One well-explored algorithm is Furthest Point First (FPF). At each iteration, it chooses a point that is furthest from the set of points selected so far. Iterate $k$ times. As this is a greedy strategy, there is no reason to expect this to give an optimal answer or even close to optimal, and it was designed to optimize a slightly different objective function... but in some contexts it gives a reasonable approximation, so it could be worth a try.

FPF comes out of the literature on graph-based clustering and was introduced in the following research paper:

Teofilo F. Gonzalez. Clustering to minimize the maximum intercluster distance. Theoretical Computer Science, vol 38, pp.293-306, 1985.

You could try exploring the literature on graph-based clustering to see if anyone has studied your specific problem.

Exact algorithms

If you have this problem in practice and need an exact optimum solution, you could try to solve this using an ILP solver.

Here's how. Introduce 0-or-1 variables $x_i$, where $x_i$ indicates whether the $i$th vertex was selected, and 0-or-1 variables $y_{i,j}$, with the intended meaning that $y_{i,j}=1$ only if $x_i=1$ and $x_j=1$. Now maximize the objective function $\sum_{i,j} d(i,j) y_{i,j}$, subject to the constraints $\sum x_i \le k$ and $x_i \ge y_{i,j}$ and $x_j \ge y_{i,j}$. Now solve this ILP with an off-the-shelf ILP solver.
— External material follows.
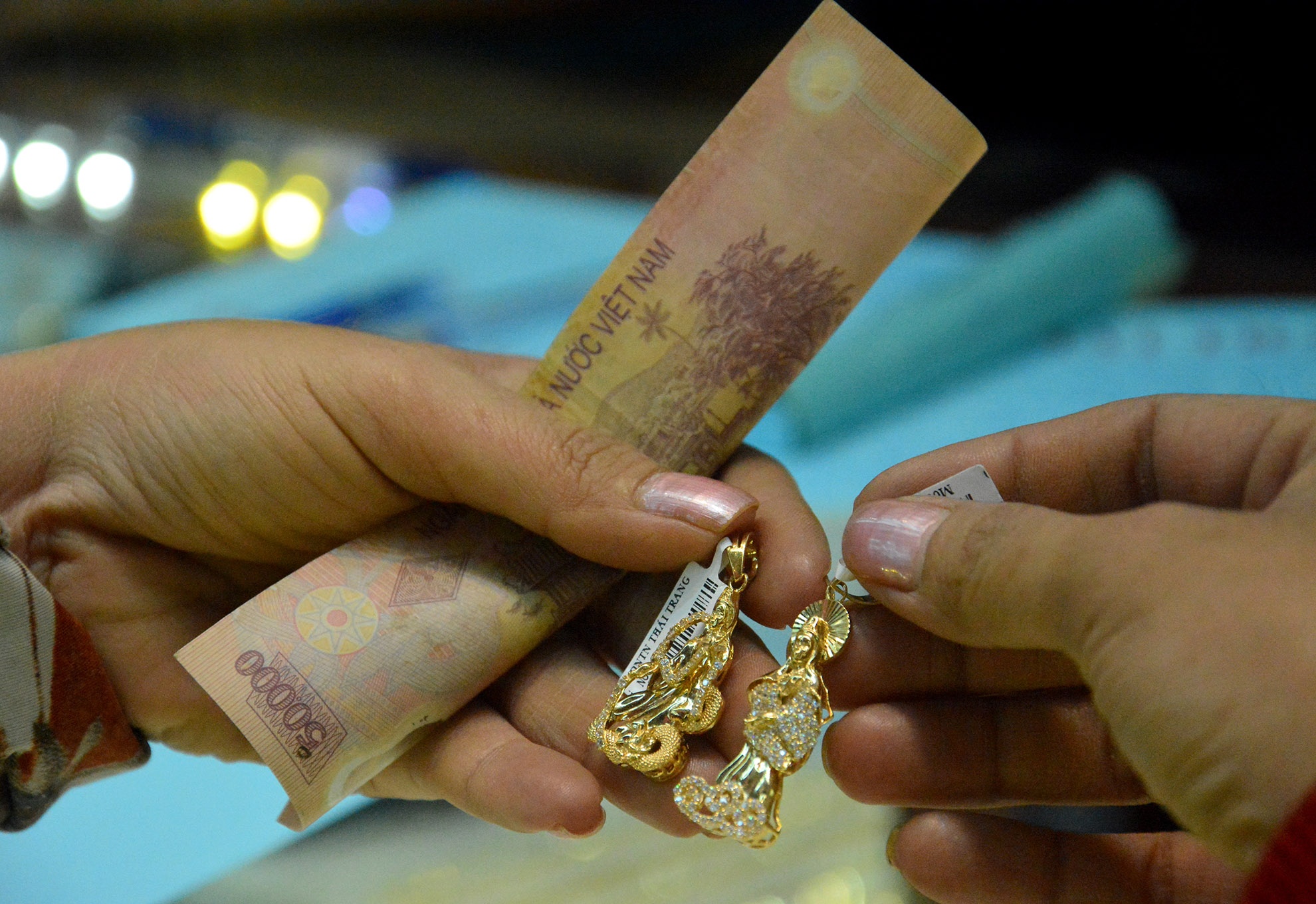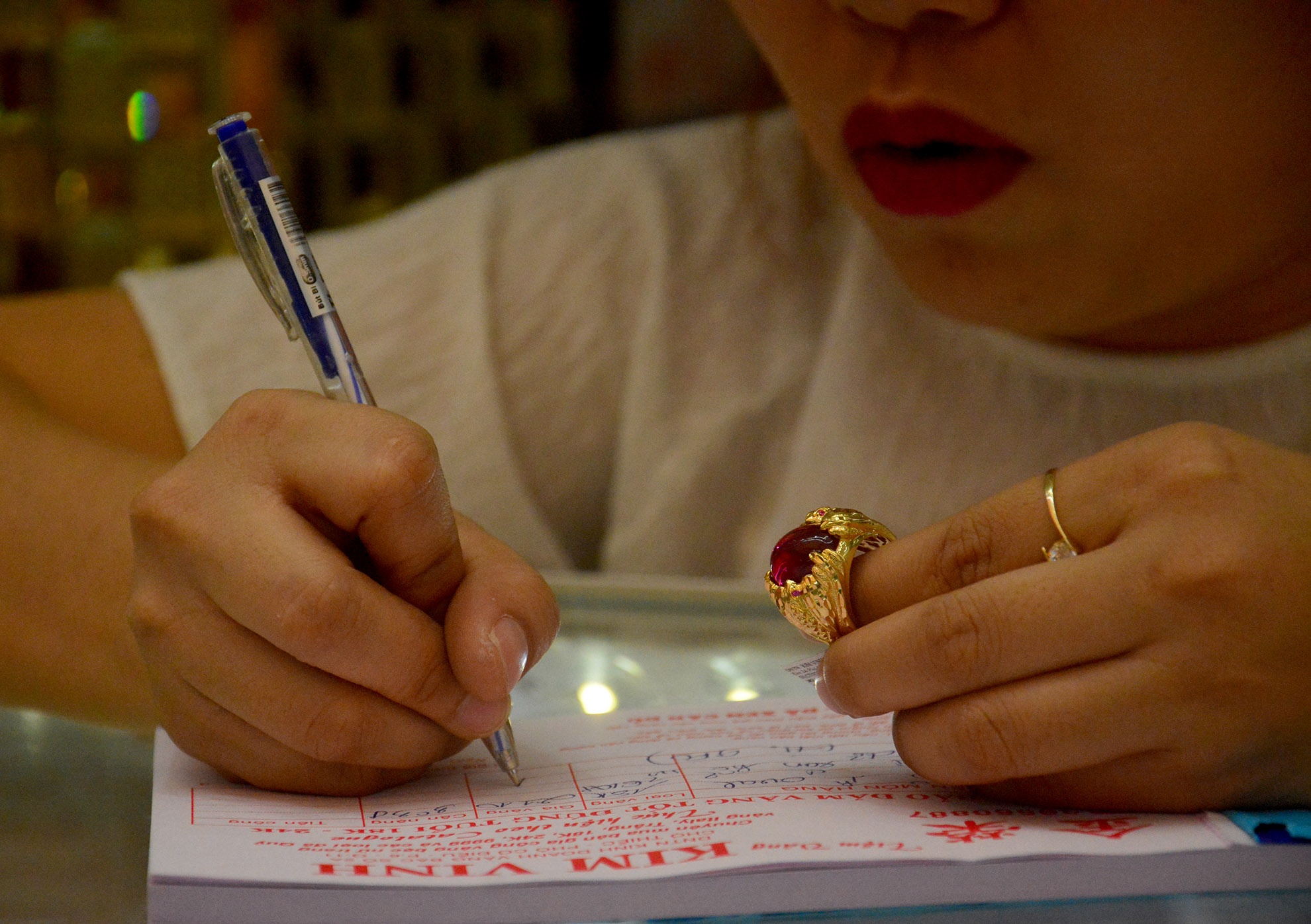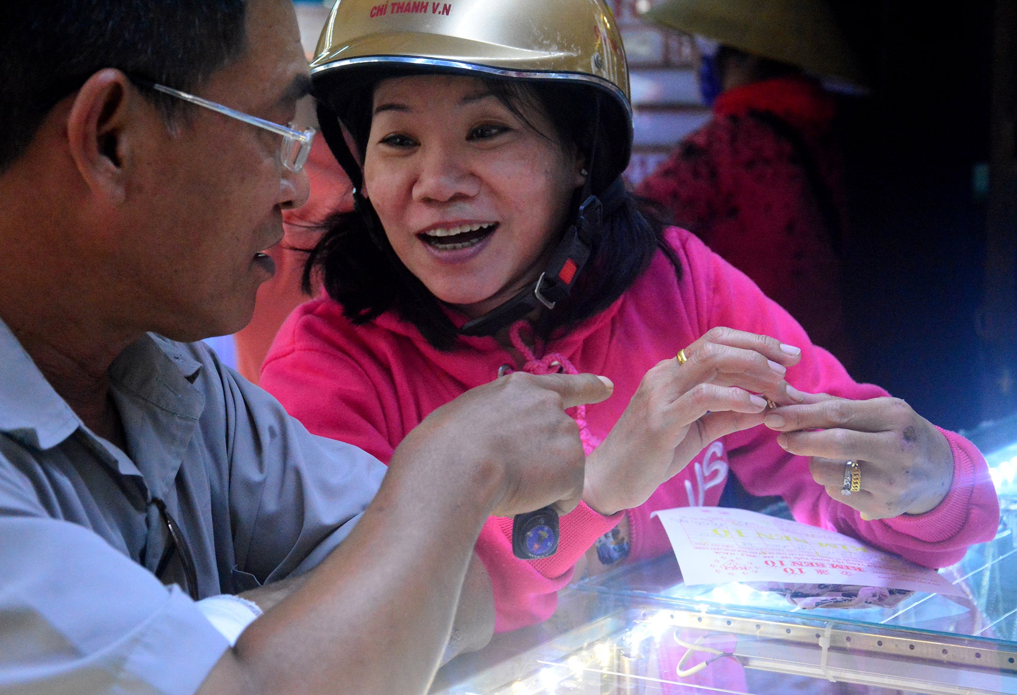 | Nhân viên tiệm vàng Kim Vinh cho biết, cửa hàng bắt đầu đông khách từ ngày mùng 9 tháng Giêng vì nhiều người tranh thủ giá vàng giảm đi mua sớm. Khách mua vàng chủ yếu mong may mắn đầu năm nên không quan tâm loại vàng, tuổi vàng, chủ yếu mua được sản phẩm mình thích. |

As ILP is NP-hard, there's no guarantee this will be efficient, but it might work on some problem instances.

Another approach is to use weighted MAX-SAT. In particular, introduce boolean variables $x_i$, where $x_i$ is true if the $i$th vertex was selected, and variables $y_{i,j}$. The formula is $\phi \land \land_{i,j} y_{i,j}$, where $\phi$ must be true (its clauses have weight $W$ for some very large $W$) and each clause $y_{i,j}$ is given weight $d(i,j)$. Define the formula $\phi$ to be true if at most $k$ of the $x_i$'s are true (see here for details on how to do that) and if $y_{i,j}=x_i \land x_j$ for all $i,j$. Now the solution to this weighted MAX-SAT problem is the solution to the original problem, so you could try throwing a weighted MAX-SAT solver at the problem. The same caveats apply.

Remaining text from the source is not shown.